▶ **Work order**
Restate the data word for word and leave the images out.

▶ **Information given**
○ ○ ○ ○ ○

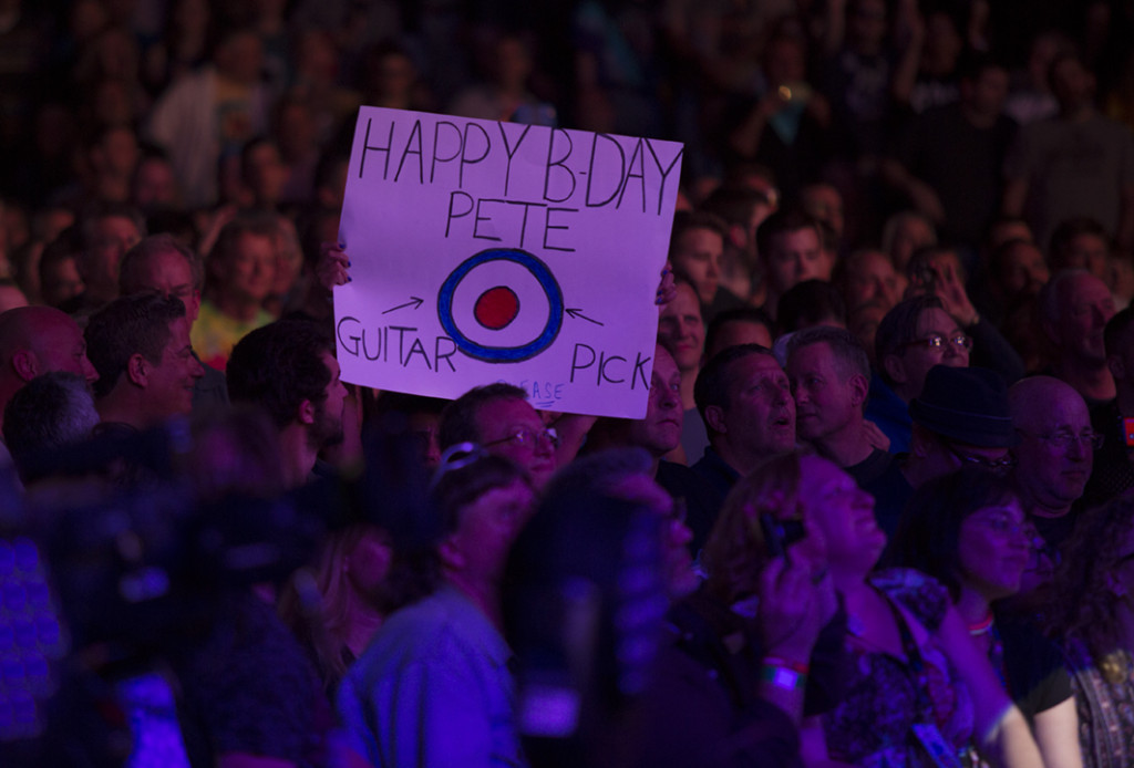 And so, rowdy they were. Long Island, NY; not a shy bunch. Loud and holding signs all around (not something we usually get) with various things. During soundcheck, the VIPs had sung ‘Happy Birthday’ in the distance to Pete, but Roger mentioned that at their age, they don’t always like being reminded! Same for the show, with some songs request and birthday signs also ignored. Probably for various reasons.
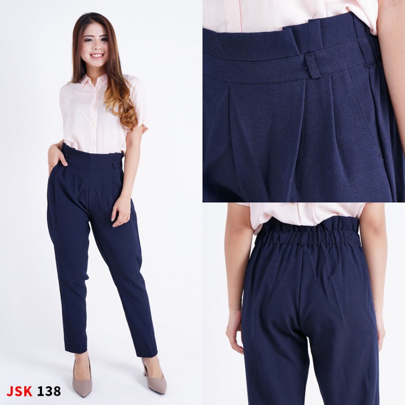 JSK 138 - Celana Kerja Kantor Mango Wanita Model Basic Kain Original - Biru Dongker All Size di Lapak sahara Shop | Bukalapak
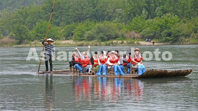 图片说明:2024年4月26日,游人在浙江省台州市仙居县永安溪乘坐生态竹筏漂流,乐享大自然美景。
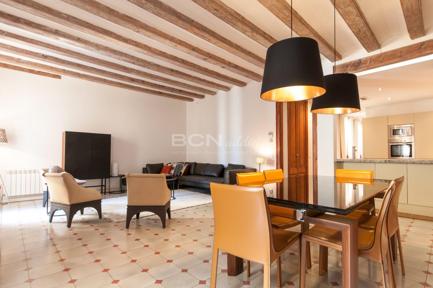 A dos minutos encontraras un piso muy bien reformado en un auténtico palacio del barrio Gótico reformado con acabados de lujo, materias nobles y suelos hidráulicos de época. Impresionante entrada al edificio por un amplio y luminoso patio interior de piedra de época.
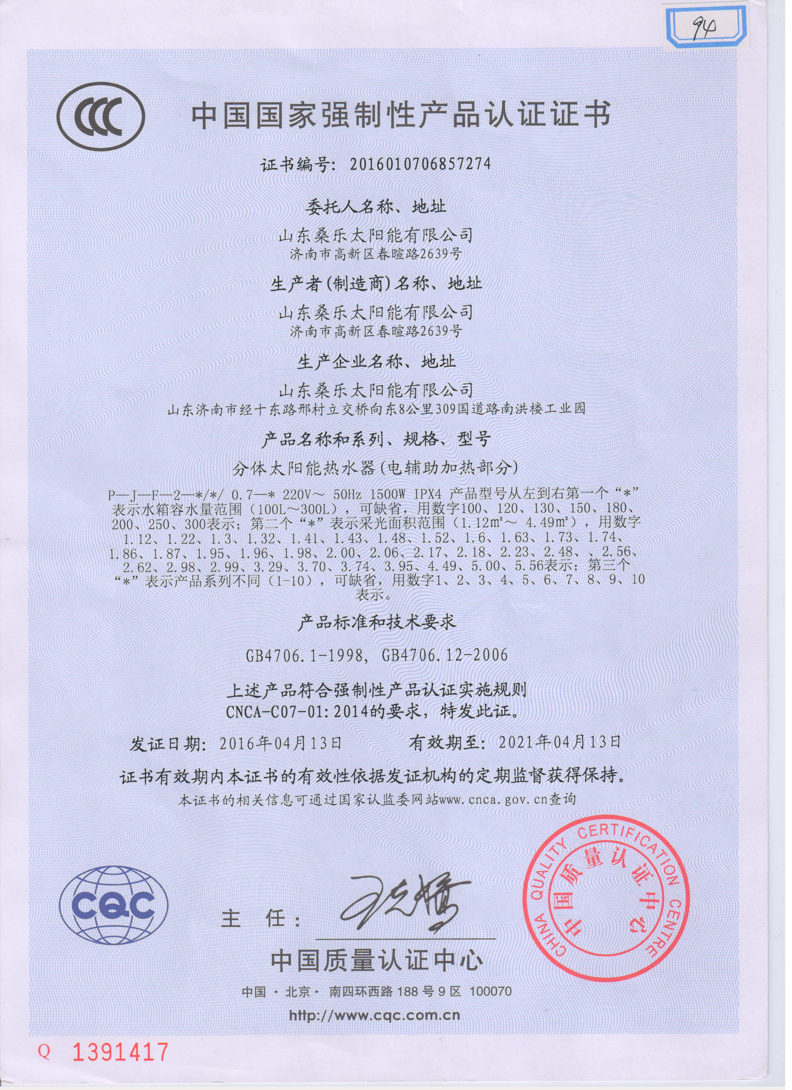分體3C國家強(qiáng)制產(chǎn)品認(rèn)證證書

○ ○ ○ ○ ○

▶ **Finished task**
 And so, rowdy they were. Long Island, NY; not a shy bunch. Loud and holding signs all around (not something we usually get) with various things. During soundcheck, the VIPs had sung ‘Happy Birthday’ in the distance to Pete, but Roger mentioned that at their age, they don’t always like being reminded! Same for the show, with some songs request and birthday signs also ignored. Probably for various reasons.
 JSK 138 - Celana Kerja Kantor Mango Wanita Model Basic Kain Original - Biru Dongker All Size di Lapak sahara Shop | Bukalapak
 图片说明:2024年4月26日,游人在浙江省台州市仙居县永安溪乘坐生态竹筏漂流,乐享大自然美景。
 A dos minutos encontraras un piso muy bien reformado en un auténtico palacio del barrio Gótico reformado con acabados de lujo, materias nobles y suelos hidráulicos de época. Impresionante entrada al edificio por un amplio y luminoso patio interior de piedra de época.
分體3C國家強(qiáng)制產(chǎn)品認(rèn)證證書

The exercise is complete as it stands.